▶ _PROBLEM TO WORK ON_
Transcribe each line of the material as it is, and drop any picture.
-------- MATERIAL FOR THE TASK
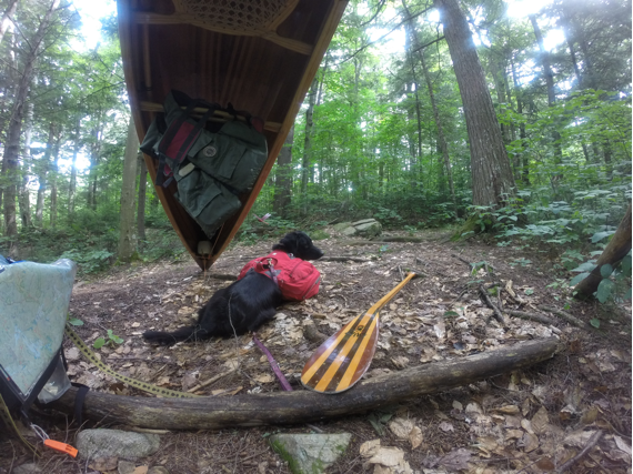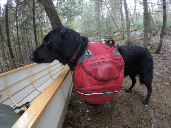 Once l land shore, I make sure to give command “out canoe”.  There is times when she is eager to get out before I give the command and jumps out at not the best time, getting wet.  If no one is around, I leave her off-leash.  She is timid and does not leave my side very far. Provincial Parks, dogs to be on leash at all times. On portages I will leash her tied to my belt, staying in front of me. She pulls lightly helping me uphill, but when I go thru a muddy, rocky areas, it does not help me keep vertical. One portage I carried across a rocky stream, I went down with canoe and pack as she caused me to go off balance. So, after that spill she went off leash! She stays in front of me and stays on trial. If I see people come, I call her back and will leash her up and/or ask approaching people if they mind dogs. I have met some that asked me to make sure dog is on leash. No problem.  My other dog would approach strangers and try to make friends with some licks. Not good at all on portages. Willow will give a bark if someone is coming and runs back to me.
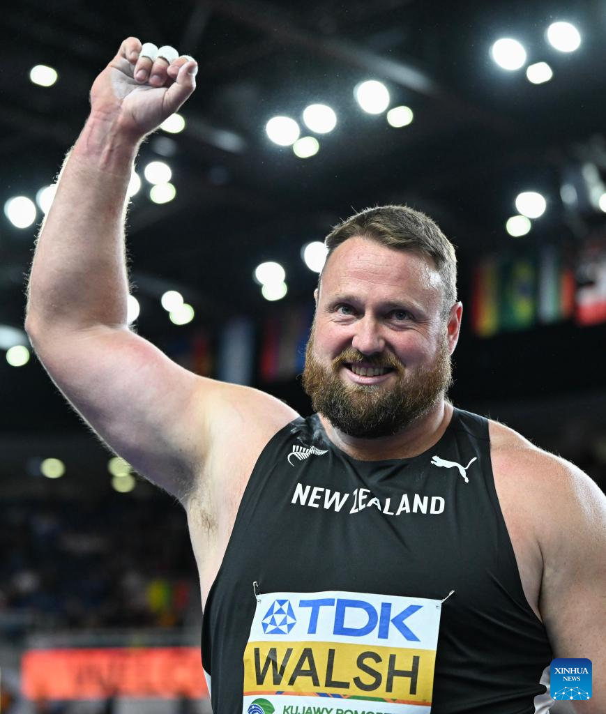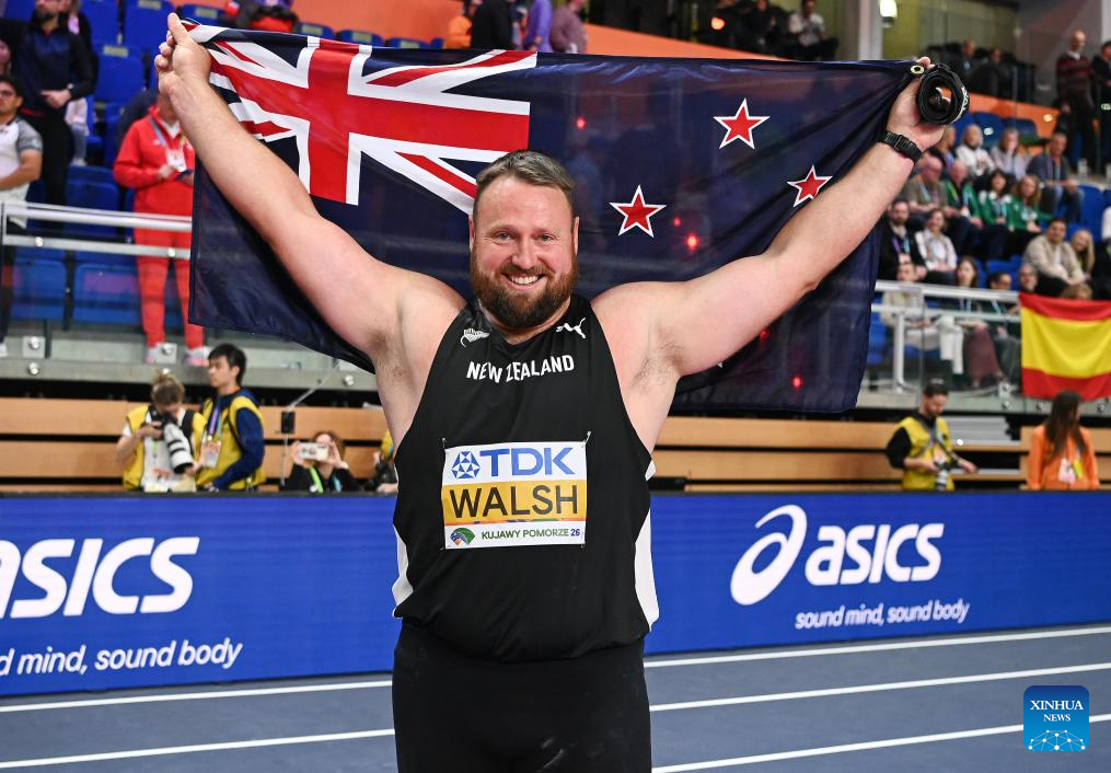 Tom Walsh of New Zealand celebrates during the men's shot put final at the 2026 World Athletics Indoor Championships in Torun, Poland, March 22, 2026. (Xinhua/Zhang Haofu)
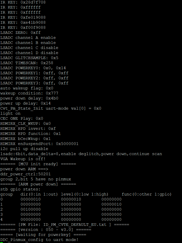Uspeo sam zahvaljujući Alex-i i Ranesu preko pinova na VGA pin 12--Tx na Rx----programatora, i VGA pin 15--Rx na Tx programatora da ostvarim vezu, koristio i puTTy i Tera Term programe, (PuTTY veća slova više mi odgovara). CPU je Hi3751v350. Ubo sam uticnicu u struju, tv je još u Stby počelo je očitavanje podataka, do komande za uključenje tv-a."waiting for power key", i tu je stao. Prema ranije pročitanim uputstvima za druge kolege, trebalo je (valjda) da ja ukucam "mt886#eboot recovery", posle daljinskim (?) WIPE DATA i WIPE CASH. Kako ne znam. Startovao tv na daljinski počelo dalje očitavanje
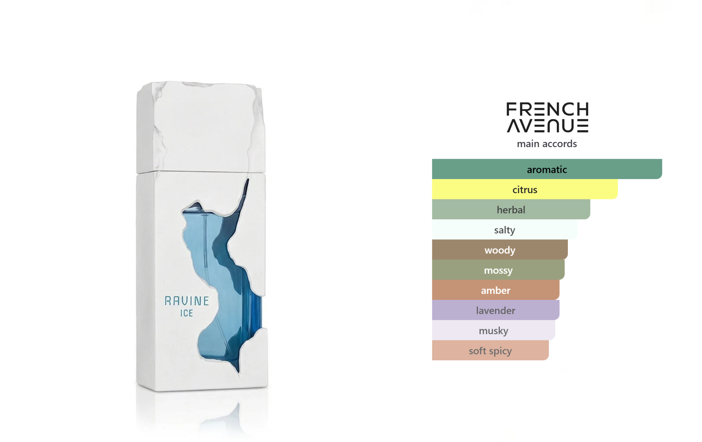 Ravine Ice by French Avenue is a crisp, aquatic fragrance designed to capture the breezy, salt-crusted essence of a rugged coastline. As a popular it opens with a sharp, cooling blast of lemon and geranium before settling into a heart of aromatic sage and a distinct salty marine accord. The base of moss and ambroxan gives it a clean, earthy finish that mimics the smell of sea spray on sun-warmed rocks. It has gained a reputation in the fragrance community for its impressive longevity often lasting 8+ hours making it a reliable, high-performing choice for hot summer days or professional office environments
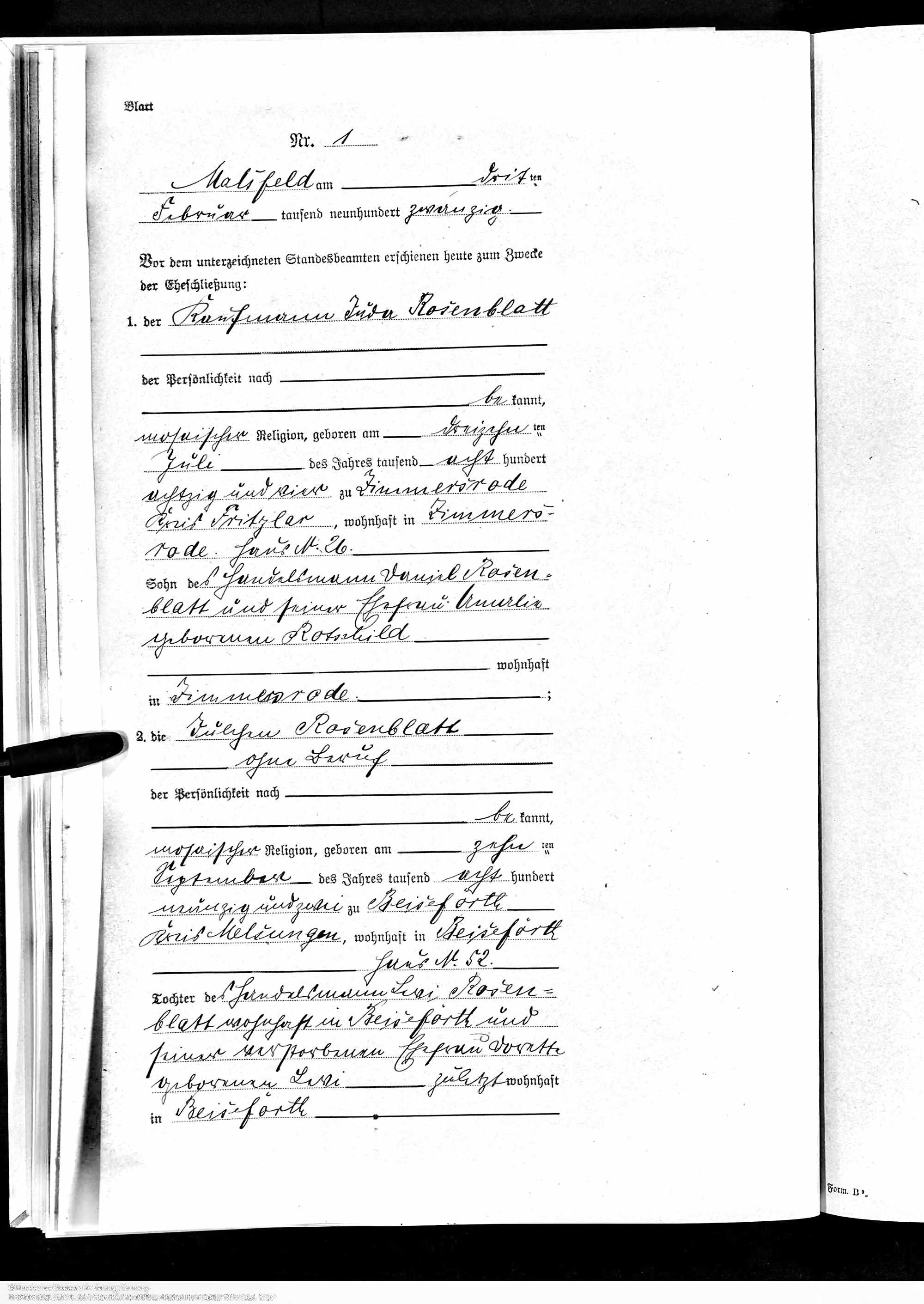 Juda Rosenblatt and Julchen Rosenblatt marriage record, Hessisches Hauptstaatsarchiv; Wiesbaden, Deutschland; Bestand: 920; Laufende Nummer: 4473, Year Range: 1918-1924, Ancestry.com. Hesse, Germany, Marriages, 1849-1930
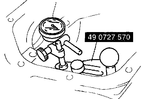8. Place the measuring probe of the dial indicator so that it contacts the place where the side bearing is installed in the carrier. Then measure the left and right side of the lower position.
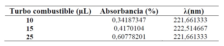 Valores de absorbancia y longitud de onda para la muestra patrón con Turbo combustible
----------------
▶ _ANSWER SPACE_
 Once l land shore, I make sure to give command “out canoe”.  There is times when she is eager to get out before I give the command and jumps out at not the best time, getting wet.  If no one is around, I leave her off-leash.  She is timid and does not leave my side very far. Provincial Parks, dogs to be on leash at all times. On portages I will leash her tied to my belt, staying in front of me. She pulls lightly helping me uphill, but when I go thru a muddy, rocky areas, it does not help me keep vertical. One portage I carried across a rocky stream, I went down with canoe and pack as she caused me to go off balance. So, after that spill she went off leash! She stays in front of me and stays on trial. If I see people come, I call her back and will leash her up and/or ask approaching people if they mind dogs. I have met some that asked me to make sure dog is on leash. No problem.  My other dog would approach strangers and try to make friends with some licks. Not good at all on portages. Willow will give a bark if someone is coming and runs back to me.
 Tom Walsh of New Zealand celebrates during the men's shot put final at the 2026 World Athletics Indoor Championships in Torun, Poland, March 22, 2026. (Xinhua/Zhang Haofu)
Uspeo sam zahvaljujući Alex-i i Ranesu preko pinova na VGA pin 12--Tx na Rx----programatora, i VGA pin 15--Rx na Tx programatora da ostvarim vezu, koristio i puTTy i Tera Term programe, (PuTTY veća slova više mi odgovara). CPU je Hi3751v350. Ubo sam uticnicu u struju, tv je još u Stby počelo je očitavanje podataka, do komande za uključenje tv-a."waiting for power key", i tu je stao. Prema ranije pročitanim uputstvima za druge kolege, trebalo je (valjda) da ja ukucam "mt886#eboot recovery", posle daljinskim (?) WIPE DATA i WIPE CASH. Kako ne znam. Startovao tv na daljinski počelo dalje očitavanje
 Ravine Ice by French Avenue is a crisp, aquatic fragrance designed to capture the breezy, salt-crusted essence of a rugged coastline. As a popular it opens with a sharp, cooling blast of lemon and geranium before settling into a heart of aromatic sage and a distinct salty marine accord. The base of moss and ambroxan gives it a clean, earthy finish that mimics the smell of sea spray on sun-warmed rocks. It has gained a reputation in the fragrance community for its impressive longevity often lasting 8+ hours making it a reliable, high-performing choice for hot summer days or professional office environments
 Juda Rosenblatt and Julchen Rosenblatt marriage record, Hessisches Hauptstaatsarchiv; Wiesbaden, Deutschland; Bestand: 920; Laufende Nummer: 4473, Year Range: 1918-1924, Ancestry.com. Hesse, Germany, Marriages, 1849-1930
8. Place the measuring probe of the dial indicator so that it contacts the place where the side bearing is installed in the carrier. Then measure the left and right side of the lower position.
 Valores de absorbancia y longitud de onda para la muestra patrón con Turbo combustible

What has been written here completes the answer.